Faster Processing Speeds

Since going live on Pivotal Greenplum, Trial has significantly improved its data analysis task run times, with processing speeds increasing by up to 250 times for some applications. These faster results are driving more efficient decision-making — even on the mobile handset PACER, which Trial uses as an information terminal, workstation and phone. Employees who are tasked with accessing specific data have improved their mobility by retrieving the information directly from the handsets at five times the speed of using client PCs.

Reduced Space Requirements

Due to in-database compression with the highly efficient Pivotal Greenplum, Trial has not only increased performance, but also dramatically reduced the space it needs to store data.
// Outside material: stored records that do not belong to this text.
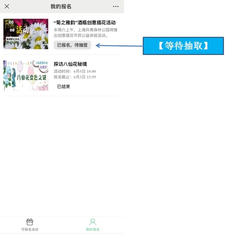 提交成功后可在我的报名中查看报名状态,报名截止后会在后台进行随机抽取,抽中显示报名成功,未抽中则显示未抽中。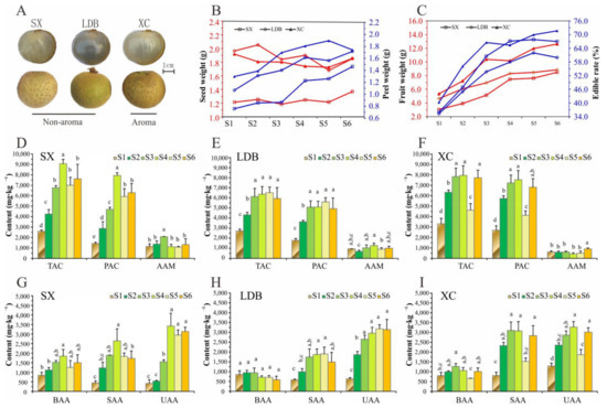 Changes in phenotypic traits and FAAs at six stages of fruit development of three longan varieties (S1–S6). (A) The mature fruits of three varieties with typical flavor. (B,C) Changes in main fruit characters. (D–F) Changes in amino acid composition in SX, LDB, and XC, respectively. (G–I) Changes in amino acids categorized with respect to taste in SX, LDB, and XC, respectively. TAC: total amino acid content, PAC: protein amino acids, AAM: amino acid metabolites; BAA: bitter amino acid, SAA: sweet amino acid, UAA: umami amino acid. Values represent the mean of three biological samples, and different uncapitalized letters indicate an extremely significant difference between the different stages (LSD test, p ≤ 0.01).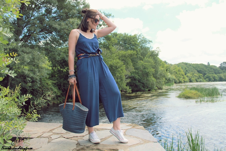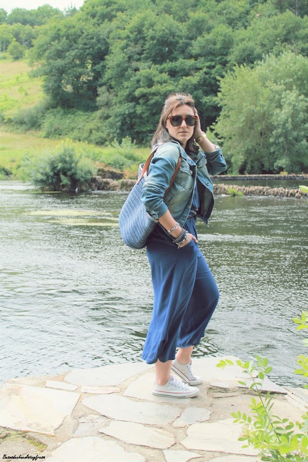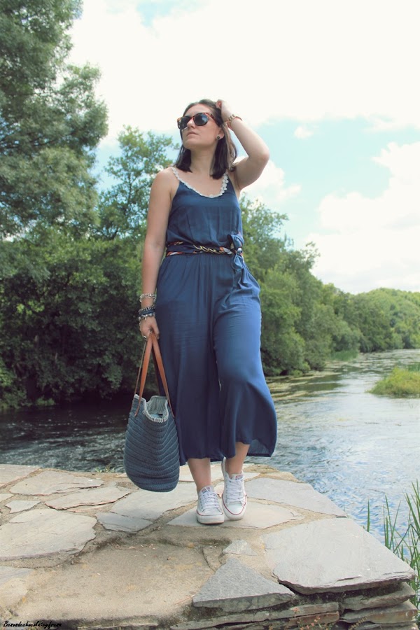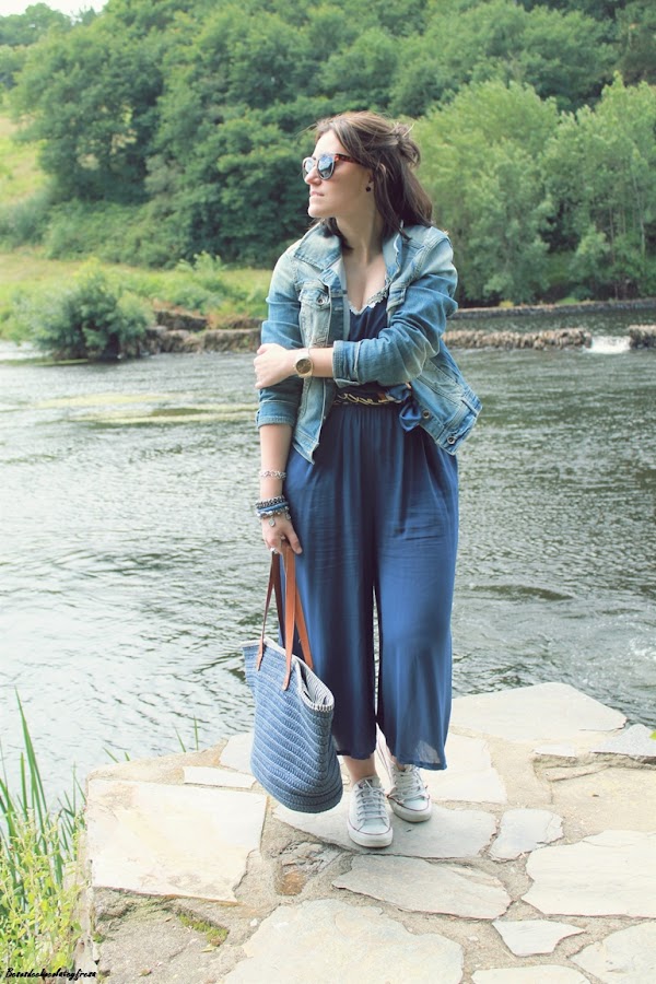 Una prenda todoterreno que podemos ponernos a cualquier hora del día con los complementos adecuados. Para esta ocasión, un video-proyecto especial que grabamos y que saldrá a la luz en los próximos días, decidí apostar por este mono de @besosdechocolateyfresashop con el detalle que tiene en los tirantes en forma de margarita. Holgado y fresco con pantalones tipo culotte lo acompañé de pañuelo en azul con motivos vintage a modo de cinturón, cazadora denim, converse y capazo en los mismos tonos.
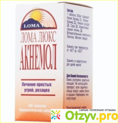 Лома-Люкс Акнемол в своем составе содержит довольно неоднозначный состав. Думаю, что именно потому, что не все понятно, действие такое замедленное. Соли металлов, входящие в состав препарата могут вызвать аллергию, так что внимательно прислушивайтесь и присматривайтесь к реакции своего организма после начала приема.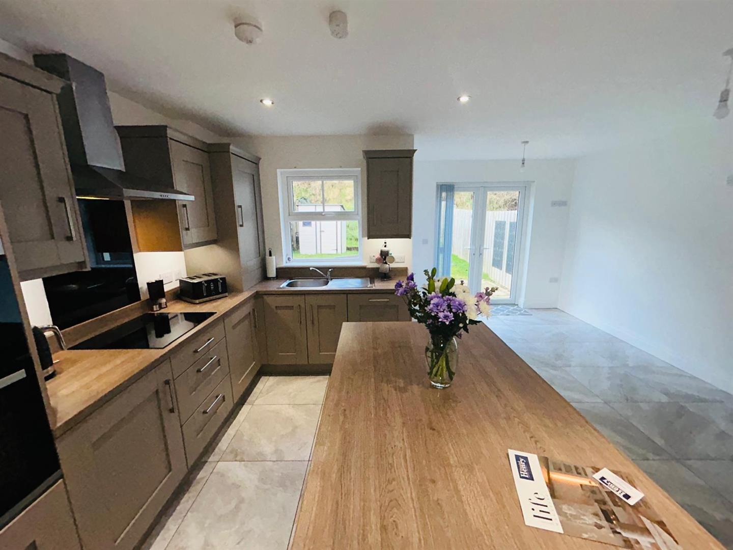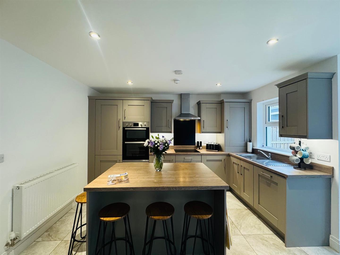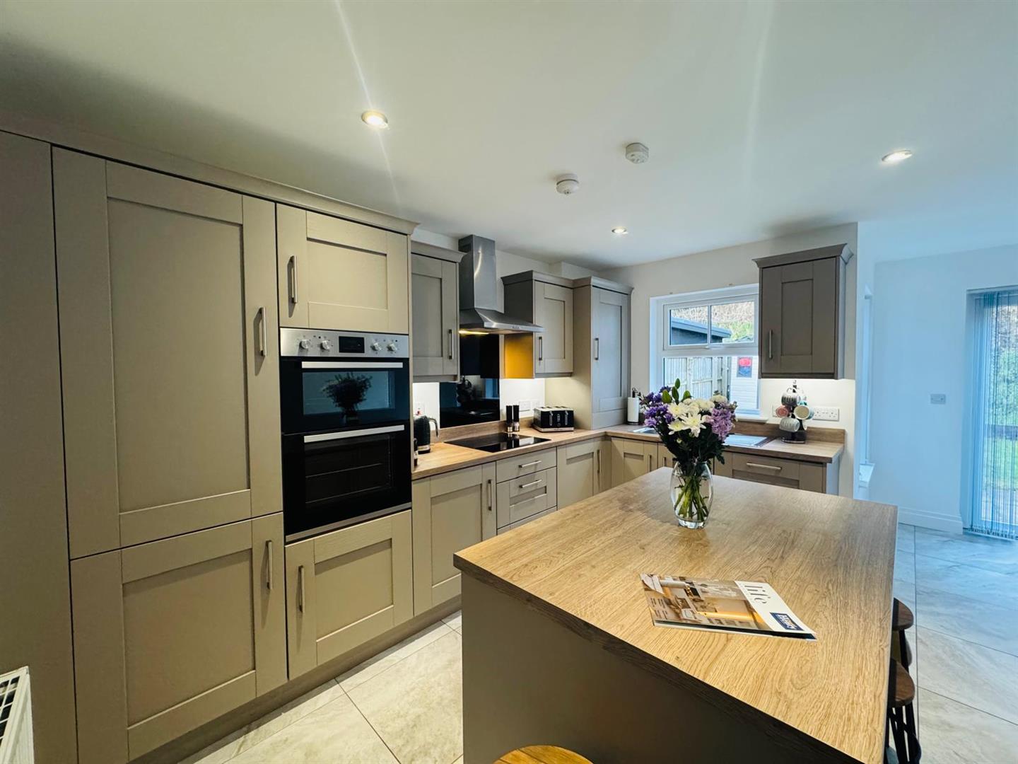 Having range of eye and low level modern units, single drainer stainless steel sink unit with mixer taps, hob, double oven, stainless steel extractor hood, centre island with breakfast bar and storage, integrated fridge/freezer and dishwasher, integrated washer/dryer, recessed lighting, French doors to rear, ample dining space, tiled floor.

The company has achieved a 70 percent disk space reduction, taking 2 terabytes of data down to 600 gigabytes, after migrating to Pivotal Greenplum.

Conclusion

With Pivotal Greenplum, Trial is now conducting an extensive range of complex analytical tasks that were previously impossible for the company. “Before Pivotal Greenplum, we couldn’t undertake accurate tracking of popular products by region because our old solution couldn’t produce a complete customer distribution chart,” says Murano.

Trial now has access to real-time competitive data that is improving strategic decision-making and supporting the company’s move toward complete self-sufficiency within its supply chain. “By making use of cutting-edge IT systems, like Pivotal Greenplum, we’re striving to achieve in one year the type of change it takes a conventional company 10 years to achieve,” concludes Hiroshi Yamanaka, Division Director, Data Systems Division, Management Head Office.